Turbo trainers are the ideal solution to putting in the miles when it's cold and wet outside.
Unlike an exercise bike, you still get to ride your own steed, so you'll have exactly the same set up you're used to. Turbo trainers and rollers are great for long rides, sprint training and also to warm up before events. For those who can't get a babysitter, they are a great way of practicing without leaving the house.
Turbo trainers hold your rear wheel in place, so you can pedal away.
Although you don't get the 'road feel' of rollers, there is more technology to benefit from, such as compatibility with heart rate monitors and power measuring devices or super high tech virtual courses to tackle via your PC or TV.
The downsides to turbo trainers are the cost and the noise they produce, which can vary from a low murmur on expensive models, to a sound akin to a large aeroplane taking off at the cheaper end of the scale. As with a lot of bike gadgets, they also take up room, along with your time, which may not go down well with other inhabitants of your abode.
Turbo trainers have a very simple design, consisting of an A-frame in which the wheel is suspended and a roller in a resistance unit which the tyre is held against. The rear wheel is fixed to the turbo by the quick release.
There are two main types of resistance units which are found on turbo trainers. Air turbo trainers used to be more common, however, are disappearing due to powerful magnetic turbo's getting cheaper.
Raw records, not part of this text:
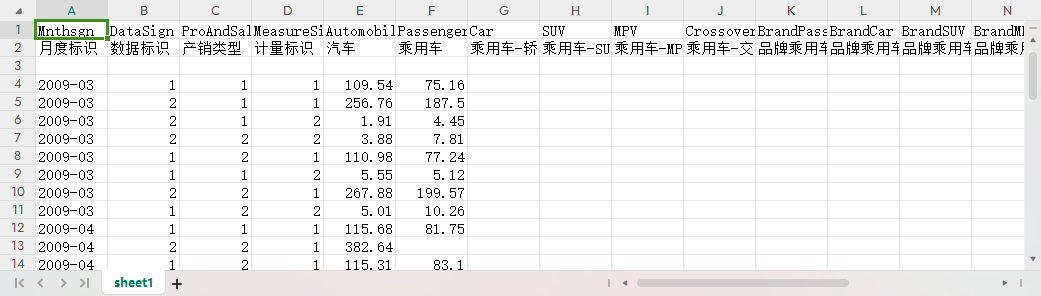 月度标识 数据标识 产销类型 计量标识 汽车 乘用车 乘用车-轿车 乘用车-SUV 乘用车-MPV 乘用车-交叉型 品牌乘用车 品牌乘用车-轿车 品牌乘用车-SUV 品牌乘用车-MPV 商用车 商用车-货车 商用车-客车 新能源汽车 新能源汽车-纯电动汽车 新能源汽车-插电式混合动力汽车 新能源汽车-燃料电池汽车 单位
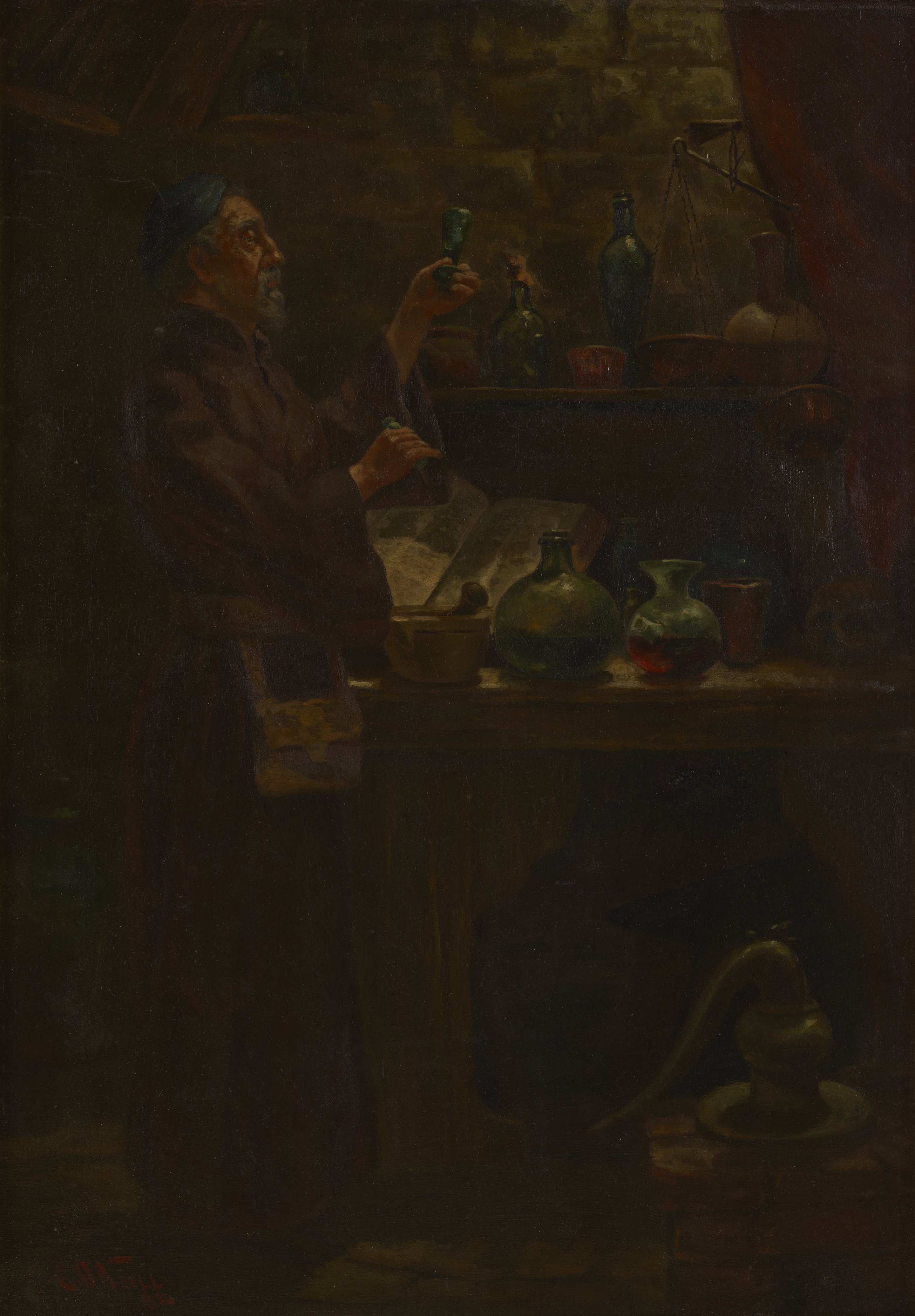 O'Neill, Charles. The Alchemist. Oil paint (paint), canvas (textile material), 1884. Science History Institute. Philadelphia. https://digital.sciencehistory.org/works/m326m229b.
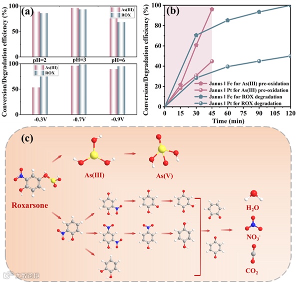 Fig. 3. The effects of applied potential and pH on As (III) oxidation and ROX degradation (a); The As (III) conversion efficiency and ROX degradation efficiency of Janus ‖ Fe in-situ Fenton system and Janus ‖ Pt system (b); The proposed ROX degradation pathway in the Janus ‖ Fe in-situ Fenton system (c).
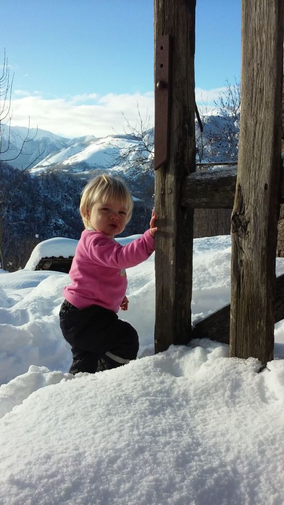 January has been cold and it snowed a lot. Just getting around the village in all the snow and ice has been hard work. Dave spent a good amount of time cutting and bringing in firewood. We shovelled a lot of snow in the car park, sometimes just finishing to clear the car out as the snowplough made it up and formed a new bank of snow to clear away. The villagers skidded around on quad bikes and in wellies to tend their animals and cut firewood. Muffled grumblings about the winter weather and all the extra work emerged from layers of winter clothing.
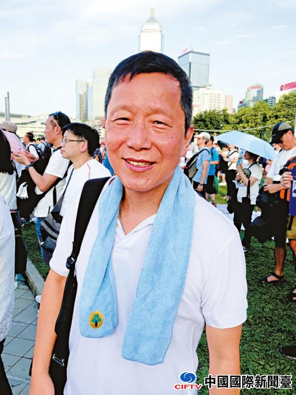 與太太穿上白衣參加集會,他向《大公報》記者表示,從新聞片段看到社會近日發生的事情,感到非常痛心,「警察在示威現場工作十分辛苦,面對暴力衝擊只是正當防衛,但就被指控,作為普通市民,希望站出來表達支持警察的心聲。」
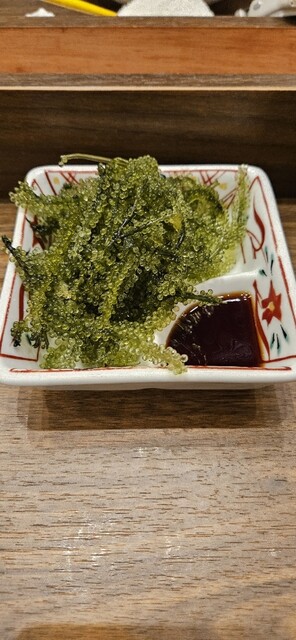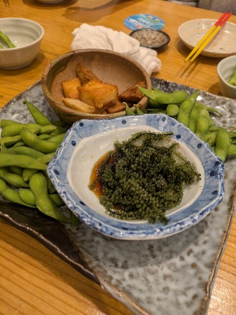 飲み放題2480円をオーダーして、料理はアラカルトでオーダー。ジーマミー豆腐とサーモンユッケ海ブドウ和え、もずく揚げをオーダー。
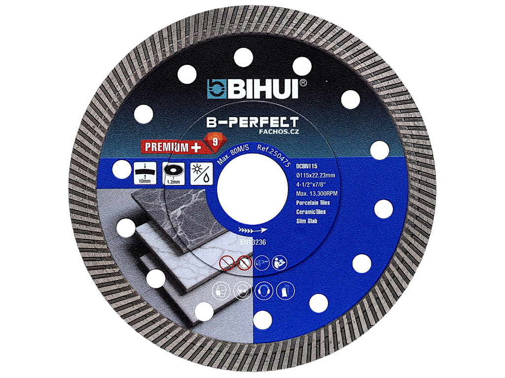 Bihui B-Perfect je diamantový řezný kotouč na dělení obkladů, dlažeb, žuly a mramoru do tloušťky 20mm. Kotouč je rychlý a překvapivě čistý v neglazovaných materiálech, zejména pokud jej použijete s vodním chlazením Spray. Otřepení hrany po řezu snadno začistíte padem Bihui DPP #100 nebo lamelovým kotoučem Bihui Flap 120.
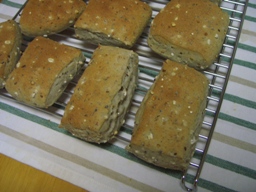 こんばんは。4日に倉敷から四日市に帰り、8日はブー太郎くん始業式、3学期開始と、冬休みが明けた途端何だか日々せわしないでスよ。ダンナさんもおいそがしで帰りも遅いのでこれまた大変。んが、先日珍しく晩ごはん時に帰って来たら、「お父さん、今日は特日課なの?」とブー太郎くんの奴に言われていましたでス……。ちなみに特日課とは特別日課、所謂短縮授業でいつもより早く帰れる日の事でございまス……。お父さんの立場って一体……ダンナさんでス……さて、日々時間に追われているのでスが、ようやくパンを焼く時間を確保したので、2009年初焼きと言う事で焼きましたよう1次発酵がいらない米粉を使い、米つながりで雑穀ミックスを加え、四角く伸ばしてスケッパーで9等分して焼いたのが、こちらの雑穀スクエアでございまス食べる前にレンジで30秒ほど加熱するとふんわりしっとり美味しくいただけまス(〃^人^〃)ちなみにコレはポテトサラダを挟んでサンドイッチにしちゃいましたとっても美味でしたようヽ( ´∀`)人(´∀` )ノちょっとでも時間を作ってパンを焼く、ちょっとしたストレス解消にまりまス。今ゆっくり発酵で牛乳パンを仕込んでいて、これは明日の朝焼こうと思ってマス。
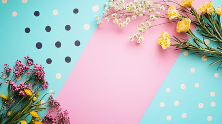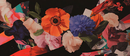 A banner featuring a collection of dried flowers arranged in a geometric, modern pattern, with bright, vibrant colors that add energy and excitement. Generative AI
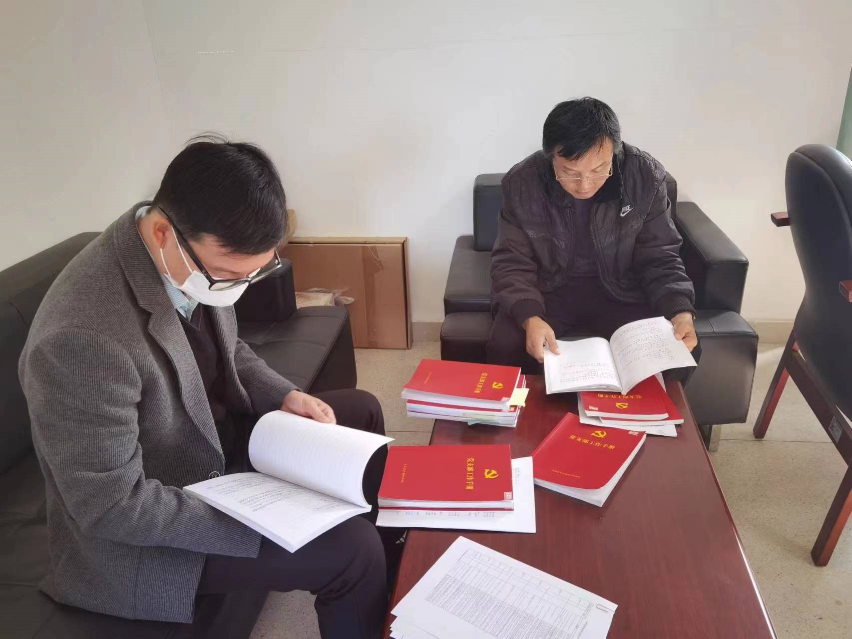 核查小组采用线上线下结合各党支部自查自评情况,以落实支部“第一议题”、“三会一课”等为重点核查内容,以查阅资料、交叉互评的形式,深入开展实地核查,现场认真查阅相关档案资料和有关记录,深入分析各党支部党建工作完成情况,据实考评打分。

Magnetic resistance turbo trainers consist of a metal plate spinning in a magnetic field, which drives a flywheel to create resistance.
You can vary the resistance, with simple adjustment at the budget end of the scale to precise tracking and adjustment on expensive models.
Fluid resistance turbo trainers give a smooth an realistic feel. A flywheel operating in a fluid chamber creates the resistance, which has a wide range of adjustment. They are quieter than their magnetic cousins.
With a fluid turbo trainer you get a smoother ride feel, the harder you pedal the more resistance you face, just like cycling outside.
Some basic turbos don't provide any adjustment at all, but some will have a lever - one on the handlebar rather than the resistance unit is better for changes mid-ride without fumbling around.
Higher up the price range and you'll see handlebar-mounted electronic control units which might also provide a power measurement. At the top of the scale are turbos which plug into your computer or television which allow you to ride a visual route with the resistance automatically adjusting as you sprint down the Champs Elysees or crunch your way up Mount Ventoux.
Here's what to look for when buying a turbo trainer.
Frame: A sturdy frame which won't flex or bend under your riding - the heavier the better for stability.
Storage: Look for trainers which fold flat and how much space it will take up.
Transportation: If you're looking to take it with you to warm up before a race, pick one that's lighter for ease of transportation.
Resistance: Buy a trainer with the most resistance levels for variety and challenge.
Level: Adjustable legs or feet help you stay level on wonky floors.